Precinct Properties senior development manager Michael Sweetman says the project will align Auckland with the international trend of CBD renaissance.
“The city has been realigning on an east-west axis in recent years, with Wynyard Quarter to the west and Britomart to the east. Commercial Bay completes the missing gap in the continuing waterfront realignment.
“Commercial Bay will also reinstate Queen St’s connection to Quay St with a new block of Queen St retail flanking the laneway-based development.”
Designed by NH Architecture and Warren and Mahoney, Commercial Bay connects the new PwC tower with the HSBC, AMP, Zurich and 188 Quay St towers.
Elsewhere in Auckland, New Zealand’s largest shopping centre, Sylvia Park, is continuing to expand. The Kiwi Property-owned shopping centre opened a new dining precinct, The Grove, in December 2017 and has further expansion plans on the cards for 2018.
Following the trend of shopping centres investing in food and beverage, The Grove offers 12 brand new eateries, in an open setting with a performance space.
Kiwi Property chief executive Chris Gudgeon says new developments at Sylvia Park reflect the way the customers are using the shopping centre.

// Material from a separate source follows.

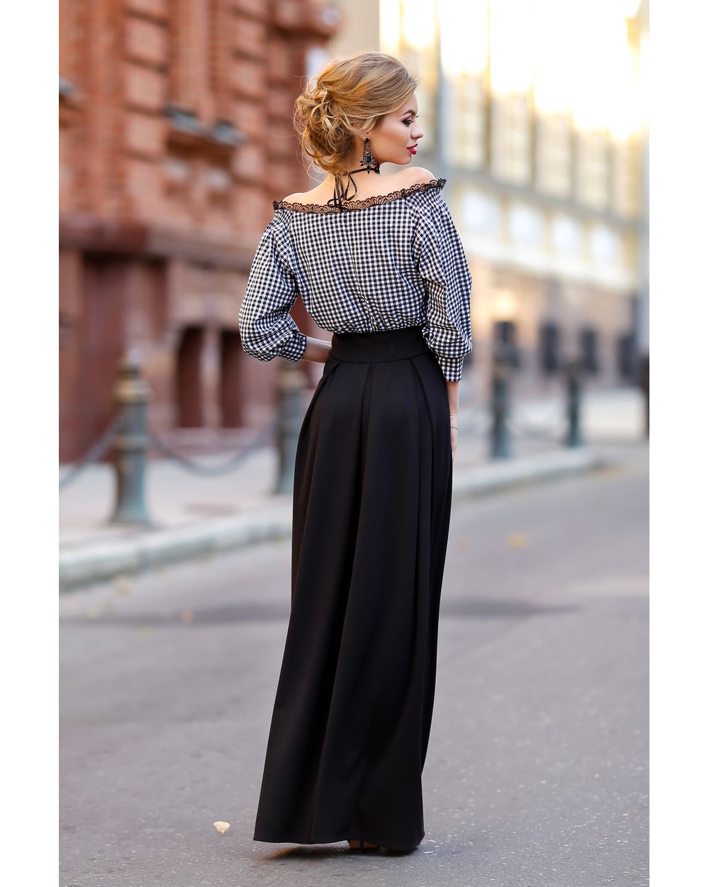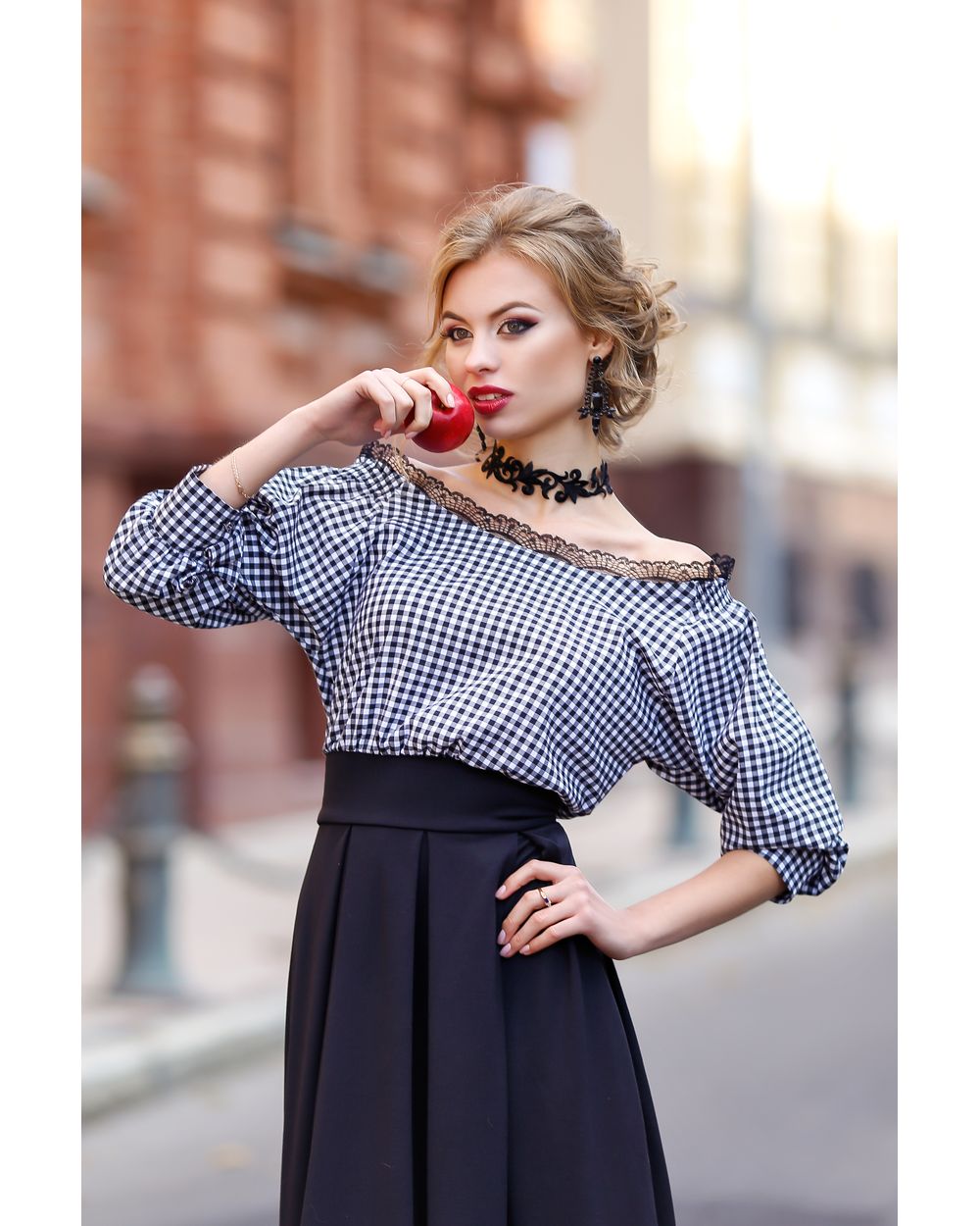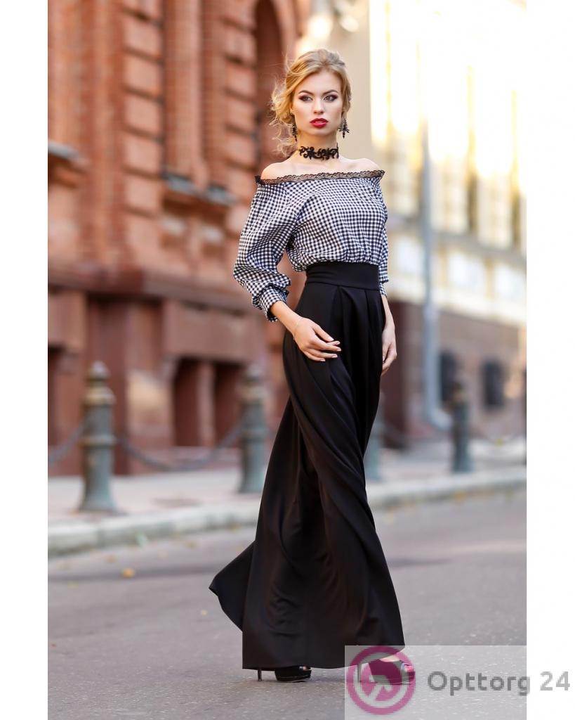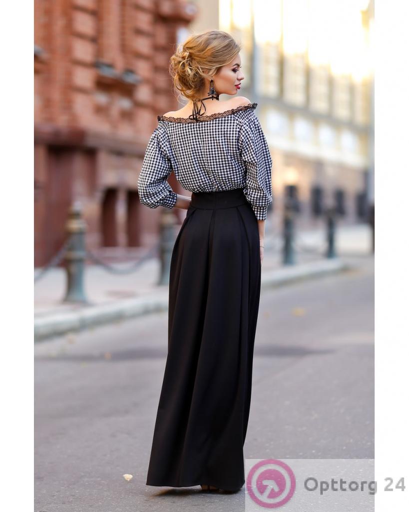 Платье женское с клетчатым верхом тёмно-синее оптом

“Sylvia Park is increasingly becoming a town centre rather than a shopping centre and we consider ourselves in the business of town centres now. A big reason for the change is because urban pressures are mounting, and people need more local options.”
Currently under construction are a new $80.2m 10-level office block designed by Architectus and a new parking building with about 1500 extra car parks. Both projects are due for completion in the middle of this year.
The next big stage is a $200m galleria expansion with an extra 20,000sqm of floor space including a new Farmers department store and new international mini-majors. Some yet-to-be-announced brands will be new to the centre and the country.
The Buchan Group is designing the changes, which, including all existing parts of the centre and the new 10-level office building, will take the overall indoor floor space to more than 100,000sqm.
An announcement is expected on when the development will be greenlit for construction in mid-2018.
“It will round out Sylvia Park and will cement it as New Zealand’s premier shopping destination,” Gudgeon says.
No expansion plans for Westfield Newmarket have yet been released, but an announcement from owners Scentre Group is expected during the first quarter in 2018.
If expansion plans proceed, it is speculated the centre will expand from its current 31,000sqm to 78,000sqm. Proposed new anchor tenants include Farmers, Countdown and cinemas. The proposed $650m expansion would look to capitalise on the busy shopping centre, which gets five million visitors annually.
Scentre Group regional PR manager Debra McGhie says an announcement is still a number of weeks away.
“We continue to focus on infrastructure works and enabling works ahead of making a formal announcement. It is our intention to inform the centre’s customers of our plans as soon as we’re in a position to make an announcement regarding the future plans at Westfield Newmarket.”